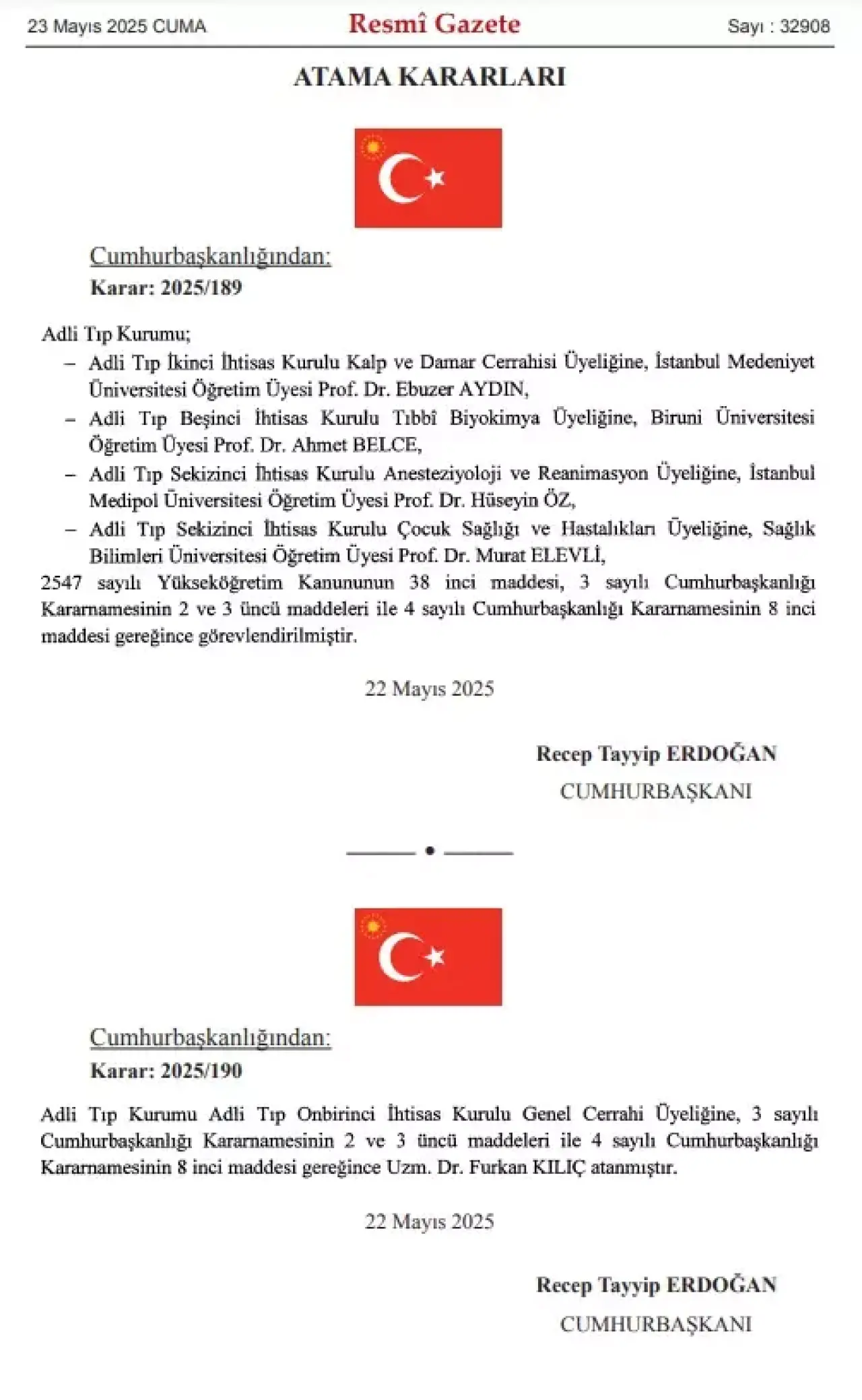 Yayımlanan karara göre, Adli Tıp İkinci İhtisas Kurulu Kalp ve Damar Cerrahisi Üyeliğine İstanbul Medeniyet Üniversitesi Öğretim Üyesi Prof. Dr. Ebuzer Aydın, Adli Tıp Beşinci İhtisas Kurulu Tıbbi Biyokimya Üyeliğine Biruni Üniversitesi Öğretim Üyesi Prof. Dr. Ahmet Belce, Adli Tıp, Sekizinci İhtisas Kurulu Anesteziyoleji ve Reanimasyon Üyeliğine İstanbul Medipol Üniversitesi Öğretim Üyesi Prof. Dr. Murat Elevli, Adli Tıp Onbirinci İhtisas Kurulu Genel Cerrahi Üyeliğine ise Uzm. Dr. Furkan Kılıç atandı.
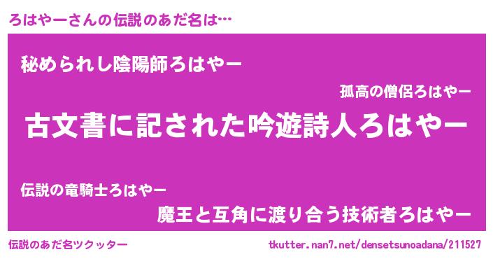 | 意味不明あだ名 | 『永久保存ろはやー』『自称ろはやー』 |
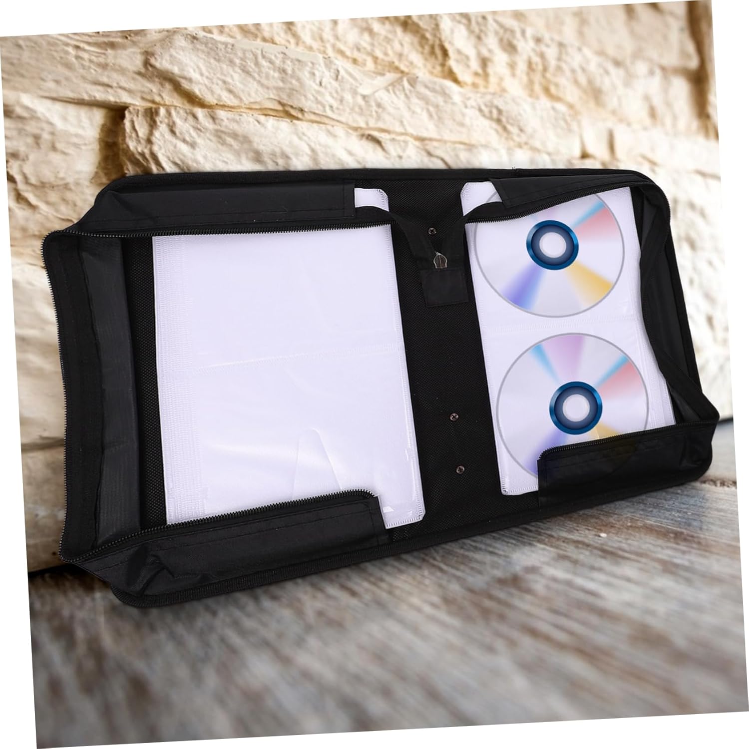 Package List 2 x CD discs storage bags Characteristics - Color: Black CDs PU Case. - Material: PU CDs Storage Case. - Capacity: 128pcs CDs CD Holder Pouch. - Size: About 29.50X16.50X9.80cm/11.59X6.48X3.85inch Disc Case. - Saves your storage space, can be numbered, holds CDs and liner notes in both sides easily Disc Storage Bag. - Protects disks , damp, scratches and corruption. and portable. Great someone special CDs Storage Bag. - inner pages won't scratch your CDs, and is wear-resistant, as well as can prevent shocks Large Capacity CDs Bag. - Sleek design easily fits into . Zipper closure is easy to insert and remove CD Holder Case. - Large capacity design can help you store and protect multiple CD discs CD Zipper Case.Goods InformationLarge Capacity CDs Bag The practical disc storage bag can be used both in the car and at home.CDs Storage Case The storage bag with large capacity design is convenient and practical.CD Holder Pouch If you want to buy a CDs storage bag, then you should not miss our product, this is a movie disc storage bag made of materials, which can serve US for a long time
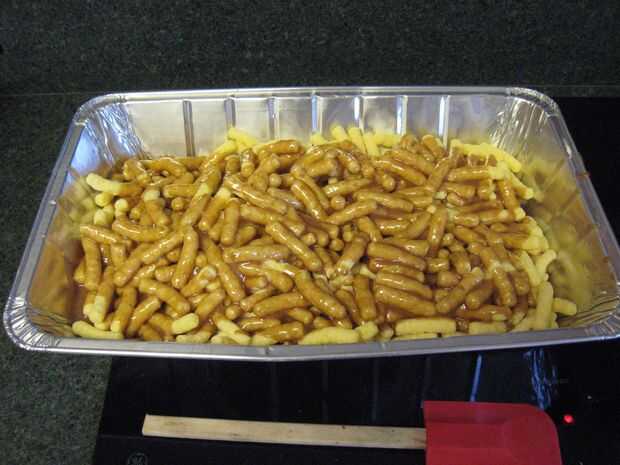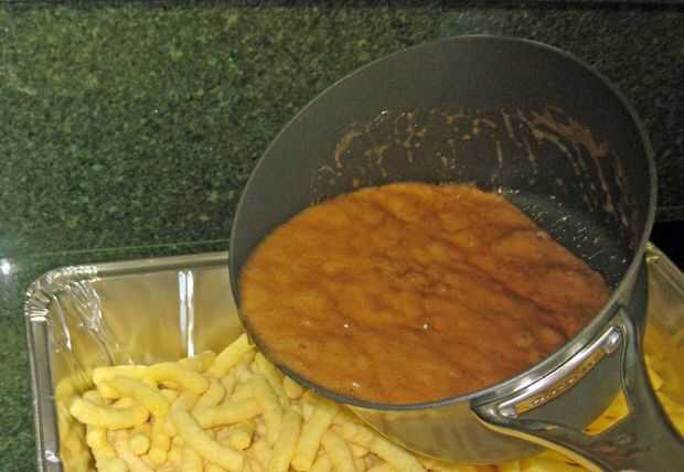 Rápidamente vierte el caramelo en los Cheetos.  Vierta todo en el y trata de cubrir toda la superficie.  No intente verter poco a poco mientras se mezcla.  Su recubrimiento será desigual.
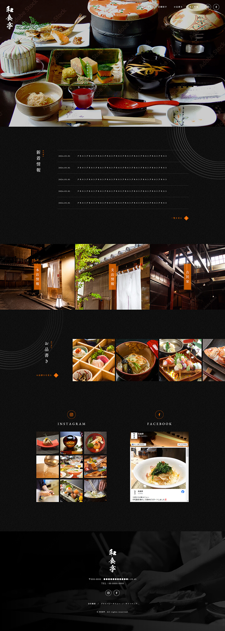 料亭デザインサンプル 彩匠デザイン フリーランスWEBデザイナー OVERVIEW オレンジをポイントで使用し、伝統や歴史が感じられるイメージに仕上げました。 背景を黒で引き締め、高級感を演出しております。 YEAR 2024
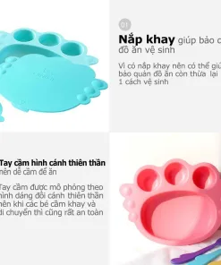- Sản phẩm gồm: Khay ăn dặm, đế dính silicone và nắp đậy, sản phẩm bám dính siêu chắc chắn chống lật, chống đổ rất tốt luôn ạ.
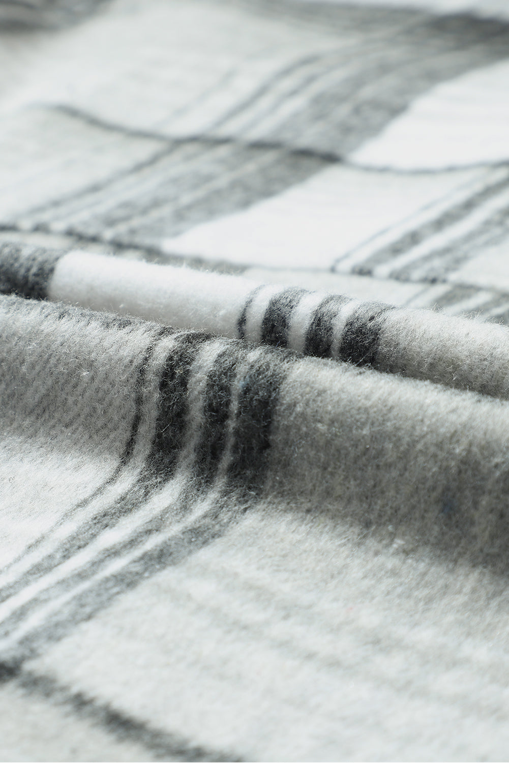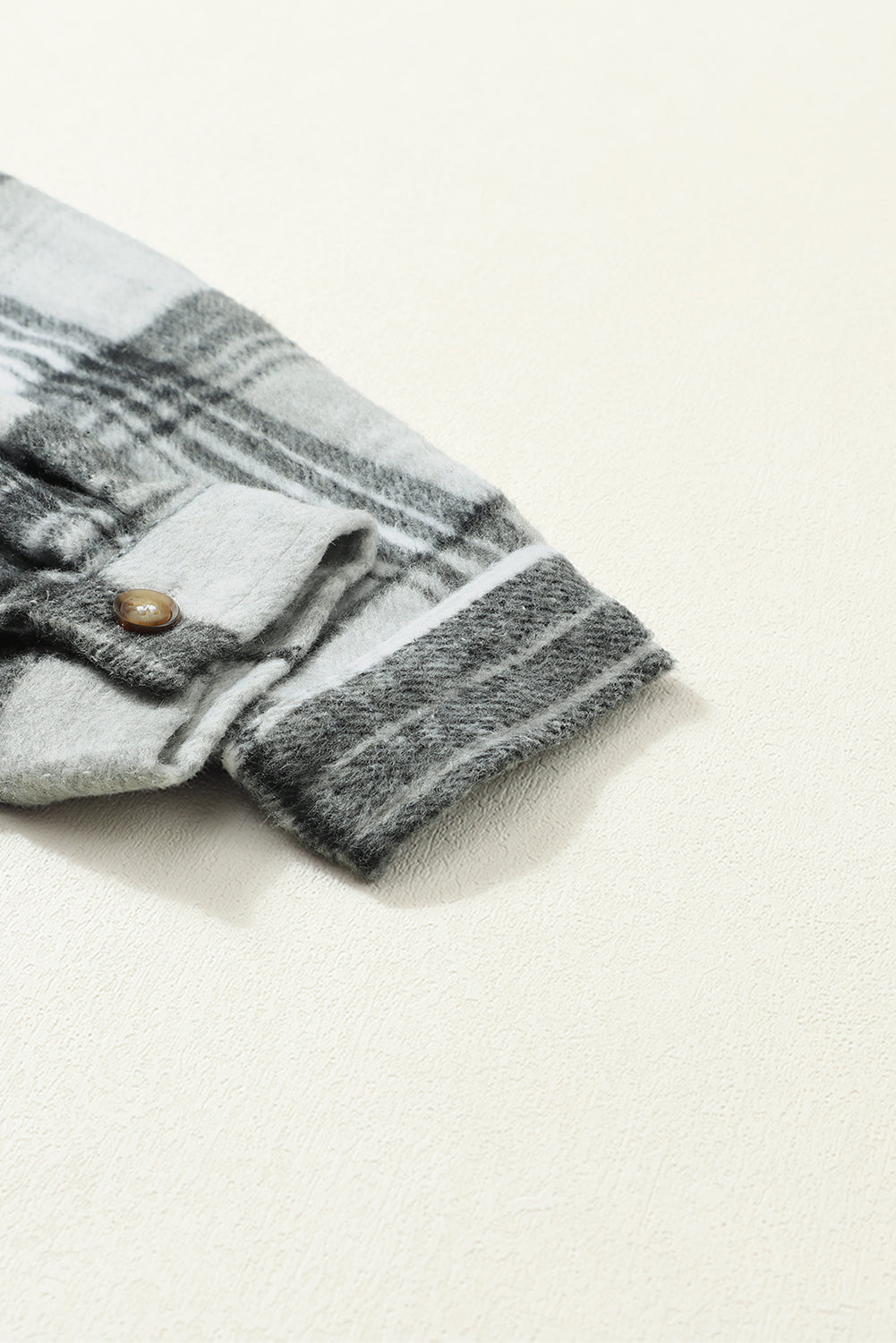 • An allover plaid print, front chest pockets, and tortoise buttons create a chic style
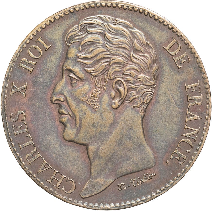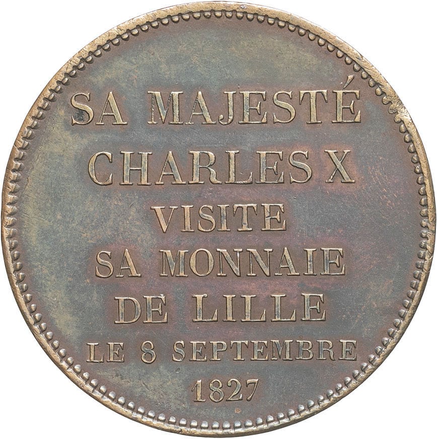 - Charles X (1824-1830). Module de 5 francs, visite de sa majesté Charles X à la Monnaie de Lille 1827, Lille.
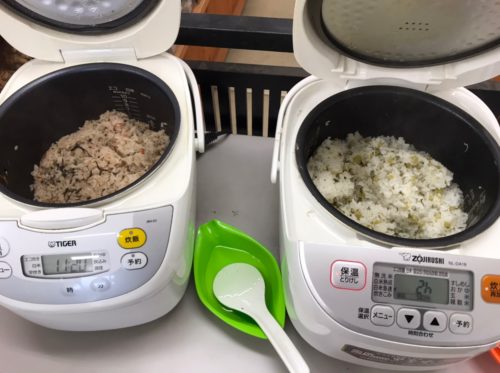 さらに、梅ひじきご飯、じゃこと漬物ご飯、これに味噌汁やカレーまで食べ放題という大盤振る舞いで、これで採算がとれるのか不思議です。
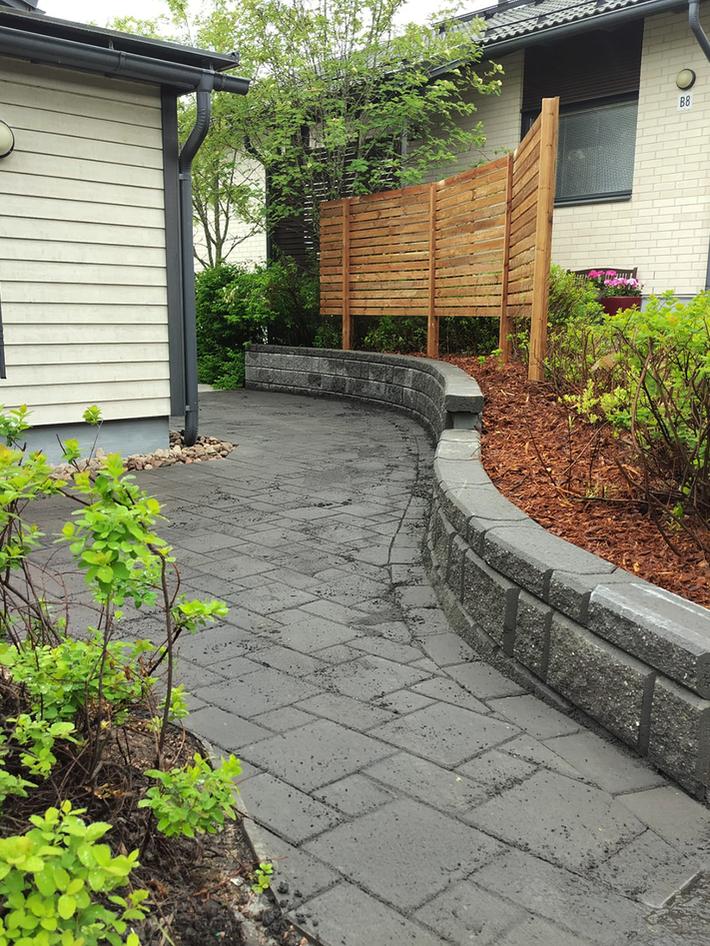 Kivetykset,tukimuurit, istutusaltaat, vanhan kivetyksen kunnostus ja pihan viimeistely
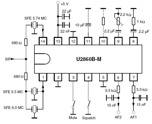 U2860B/U2860/AT2860(雙通道電視系統(tǒng)FM伴音解調(diào)IC) |
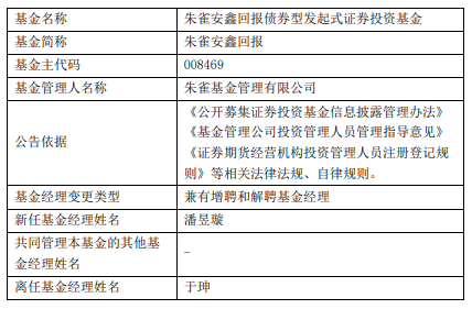 朱雀安鑫回报增聘潘昱璇 于珅离任
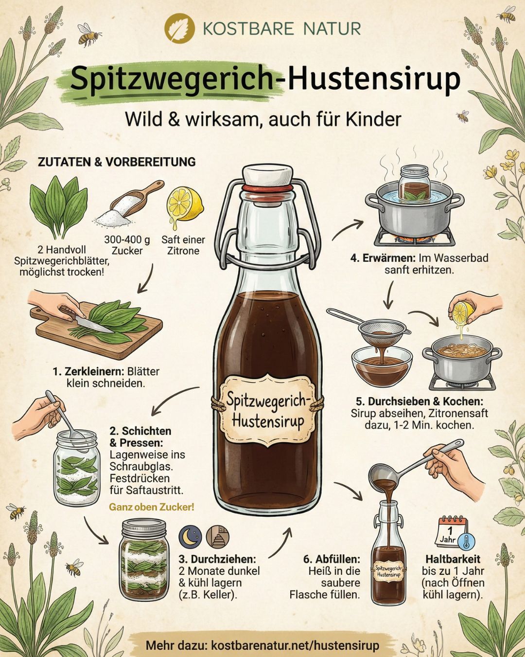 Anleitung für den Hustensirup mit Spitzwegerich
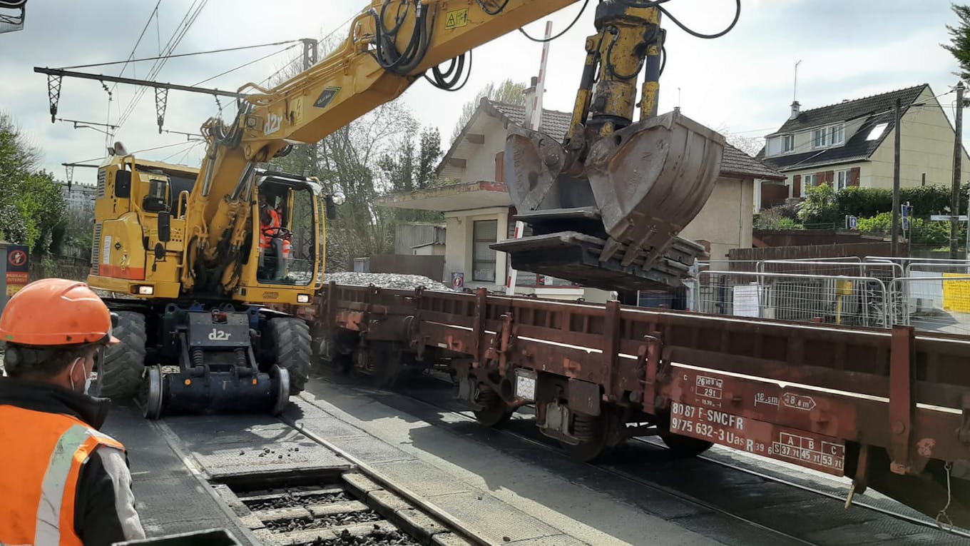 - Le remplacement des rails, des traverses et du ballast (la pierre concassée située sous les traverses et les rails)
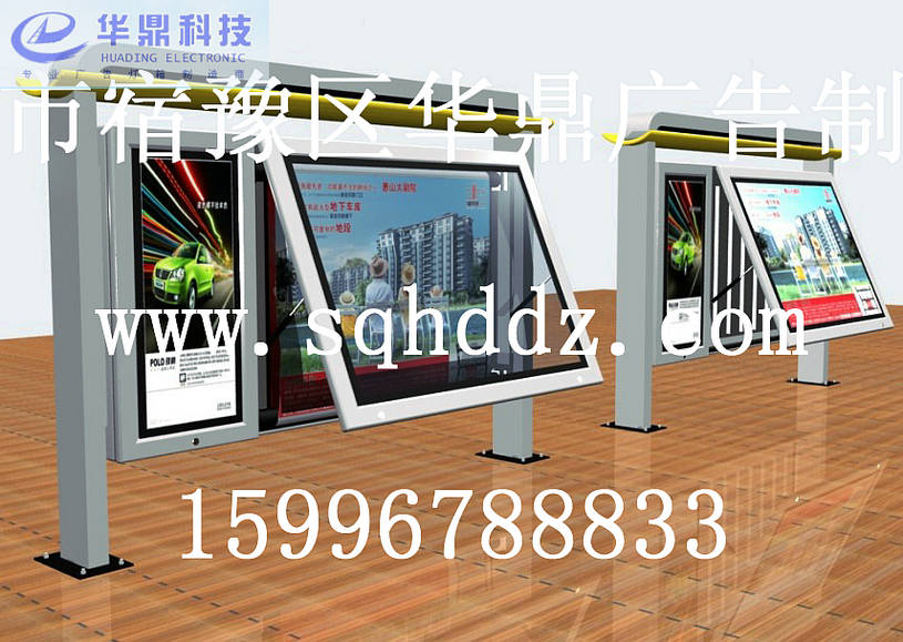 江苏省宿豫区华鼎广告设备厂位于宿迁市宿豫区顺河镇工业区,是国内生产智能滚动灯箱行业设计、生产最具规模的企业之一,公司拥有一流的设计能力和钢结构生产加工能力,现有生产面积10800平方米,拥有数控折弯机、数控剪板机、数控等离子切割机、数控冲床、喷塑流水线等加工设备,满足了不同的结构制作、不锈钢加工的需求,现拥有专业设计人员6名,员工50余人,已经形成以公交站台、候车亭,智能滚动灯箱为主的专业化生产规模,已经形成以指路牌灯箱、滚动灯箱、阅报栏和候车亭为系列的40余款产品。
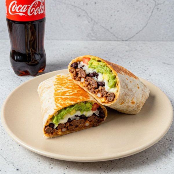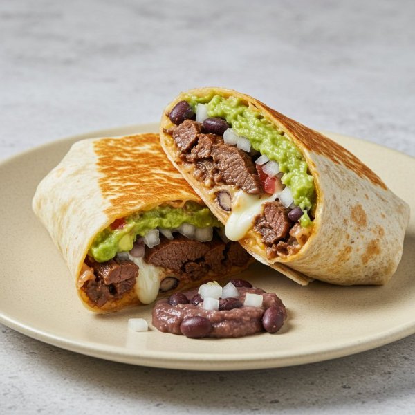 Tortilla de harina rellena de arrachera, queso mozzarella, frijoles refritos, arroz blanco, guacamole y salsa de la casa.
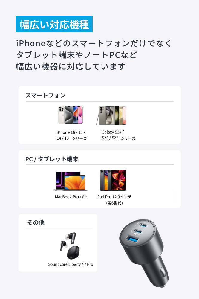 Anker Nano Car Charger with USB-C & USB-C ブラック B27375A1
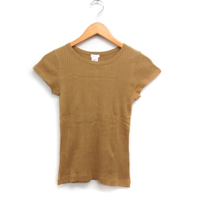 - ギャルリーヴィー GALERIE VIE トゥモローランド コットン リブ ニット カットソー 半袖 丸首 無地 S キャメル 茶 /FT39 レディース

━━━━━━━━━━━━━━━━━━━━

→ **What to produce**: The records are to be returned word for word, without any of their pictures.

→ **Solved exercise**:
 Yayımlanan karara göre, Adli Tıp İkinci İhtisas Kurulu Kalp ve Damar Cerrahisi Üyeliğine İstanbul Medeniyet Üniversitesi Öğretim Üyesi Prof. Dr. Ebuzer Aydın, Adli Tıp Beşinci İhtisas Kurulu Tıbbi Biyokimya Üyeliğine Biruni Üniversitesi Öğretim Üyesi Prof. Dr. Ahmet Belce, Adli Tıp, Sekizinci İhtisas Kurulu Anesteziyoleji ve Reanimasyon Üyeliğine İstanbul Medipol Üniversitesi Öğretim Üyesi Prof. Dr. Murat Elevli, Adli Tıp Onbirinci İhtisas Kurulu Genel Cerrahi Üyeliğine ise Uzm. Dr. Furkan Kılıç atandı.
 | 意味不明あだ名 | 『永久保存ろはやー』『自称ろはやー』 |
 Package List 2 x CD discs storage bags Characteristics - Color: Black CDs PU Case. - Material: PU CDs Storage Case. - Capacity: 128pcs CDs CD Holder Pouch. - Size: About 29.50X16.50X9.80cm/11.59X6.48X3.85inch Disc Case. - Saves your storage space, can be numbered, holds CDs and liner notes in both sides easily Disc Storage Bag. - Protects disks , damp, scratches and corruption. and portable. Great someone special CDs Storage Bag. - inner pages won't scratch your CDs, and is wear-resistant, as well as can prevent shocks Large Capacity CDs Bag. - Sleek design easily fits into . Zipper closure is easy to insert and remove CD Holder Case. - Large capacity design can help you store and protect multiple CD discs CD Zipper Case.Goods InformationLarge Capacity CDs Bag The practical disc storage bag can be used both in the car and at home.CDs Storage Case The storage bag with large capacity design is convenient and practical.CD Holder Pouch If you want to buy a CDs storage bag, then you should not miss our product, this is a movie disc storage bag made of materials, which can serve US for a long time
 Rápidamente vierte el caramelo en los Cheetos.  Vierta todo en el y trata de cubrir toda la superficie.  No intente verter poco a poco mientras se mezcla.  Su recubrimiento será desigual.
 料亭デザインサンプル 彩匠デザイン フリーランスWEBデザイナー OVERVIEW オレンジをポイントで使用し、伝統や歴史が感じられるイメージに仕上げました。 背景を黒で引き締め、高級感を演出しております。 YEAR 2024
- Sản phẩm gồm: Khay ăn dặm, đế dính silicone và nắp đậy, sản phẩm bám dính siêu chắc chắn chống lật, chống đổ rất tốt luôn ạ.
 • An allover plaid print, front chest pockets, and tortoise buttons create a chic style
 - Charles X (1824-1830). Module de 5 francs, visite de sa majesté Charles X à la Monnaie de Lille 1827, Lille.
 さらに、梅ひじきご飯、じゃこと漬物ご飯、これに味噌汁やカレーまで食べ放題という大盤振る舞いで、これで採算がとれるのか不思議です。
 Kivetykset,tukimuurit, istutusaltaat, vanhan kivetyksen kunnostus ja pihan viimeistely
 U2860B/U2860/AT2860(雙通道電視系統(tǒng)FM伴音解調(diào)IC) |
 朱雀安鑫回报增聘潘昱璇 于珅离任
 Anleitung für den Hustensirup mit Spitzwegerich
 - Le remplacement des rails, des traverses et du ballast (la pierre concassée située sous les traverses et les rails)
 江苏省宿豫区华鼎广告设备厂位于宿迁市宿豫区顺河镇工业区,是国内生产智能滚动灯箱行业设计、生产最具规模的企业之一,公司拥有一流的设计能力和钢结构生产加工能力,现有生产面积10800平方米,拥有数控折弯机、数控剪板机、数控等离子切割机、数控冲床、喷塑流水线等加工设备,满足了不同的结构制作、不锈钢加工的需求,现拥有专业设计人员6名,员工50余人,已经形成以公交站台、候车亭,智能滚动灯箱为主的专业化生产规模,已经形成以指路牌灯箱、滚动灯箱、阅报栏和候车亭为系列的40余款产品。
 Tortilla de harina rellena de arrachera, queso mozzarella, frijoles refritos, arroz blanco, guacamole y salsa de la casa.
 Anker Nano Car Charger with USB-C & USB-C ブラック B27375A1
 - ギャルリーヴィー GALERIE VIE トゥモローランド コットン リブ ニット カットソー 半袖 丸首 無地 S キャメル 茶 /FT39 レディース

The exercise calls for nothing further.